## Work required:
In the records below, find the line holding "La Plaza Principal, en 1870" and the line holding "Se informó en". Set down both, with every line between them, exactly.

## Listed records:
######

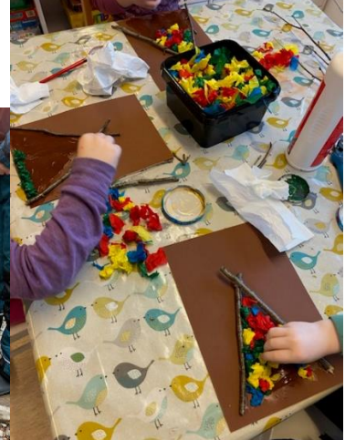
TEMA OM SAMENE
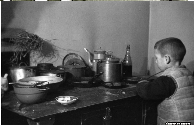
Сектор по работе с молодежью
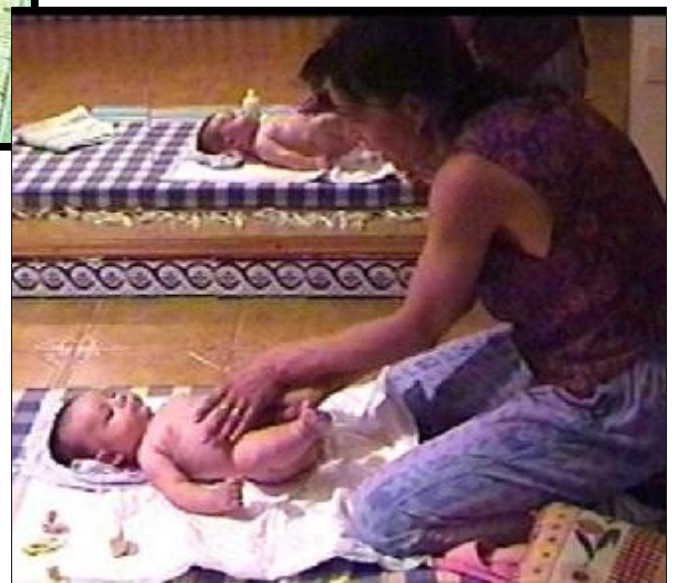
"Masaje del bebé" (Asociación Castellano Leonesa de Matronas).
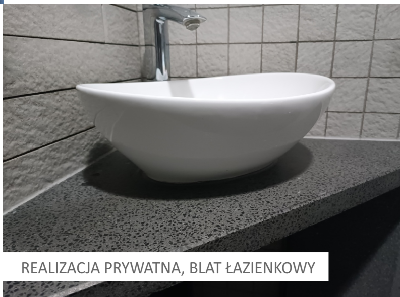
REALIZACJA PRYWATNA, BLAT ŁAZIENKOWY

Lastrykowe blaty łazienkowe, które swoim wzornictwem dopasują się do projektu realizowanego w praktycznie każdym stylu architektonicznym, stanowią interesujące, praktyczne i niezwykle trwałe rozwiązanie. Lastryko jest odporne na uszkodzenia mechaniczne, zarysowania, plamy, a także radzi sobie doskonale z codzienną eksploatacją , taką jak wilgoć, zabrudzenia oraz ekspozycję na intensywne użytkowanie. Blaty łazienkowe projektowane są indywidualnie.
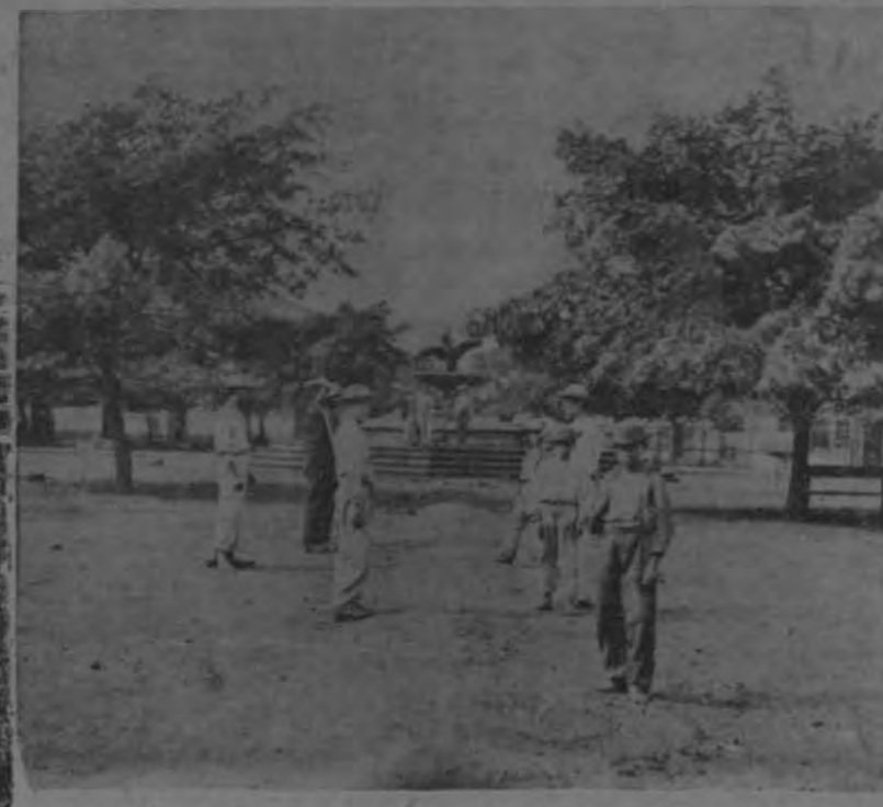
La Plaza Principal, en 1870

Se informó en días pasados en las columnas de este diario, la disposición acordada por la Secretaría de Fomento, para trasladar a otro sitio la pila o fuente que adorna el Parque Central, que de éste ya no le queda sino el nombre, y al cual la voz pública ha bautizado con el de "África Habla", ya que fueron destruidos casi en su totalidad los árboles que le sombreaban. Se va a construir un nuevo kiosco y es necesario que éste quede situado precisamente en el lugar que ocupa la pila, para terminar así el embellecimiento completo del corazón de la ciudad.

######

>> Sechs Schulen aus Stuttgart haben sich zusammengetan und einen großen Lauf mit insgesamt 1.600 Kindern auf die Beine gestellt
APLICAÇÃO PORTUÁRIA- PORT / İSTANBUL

######

## Written solution:
La Plaza Principal, en 1870

Se informó en días pasados en las columnas de este diario, la disposición acordada por la Secretaría de Fomento, para trasladar a otro sitio la pila o fuente que adorna el Parque Central, que de éste ya no le queda sino el nombre, y al cual la voz pública ha bautizado con el de "África Habla", ya que fueron destruidos casi en su totalidad los árboles que le sombreaban. Se va a construir un nuevo kiosco y es necesario que éste quede situado precisamente en el lugar que ocupa la pila, para terminar así el embellecimiento completo del corazón de la ciudad.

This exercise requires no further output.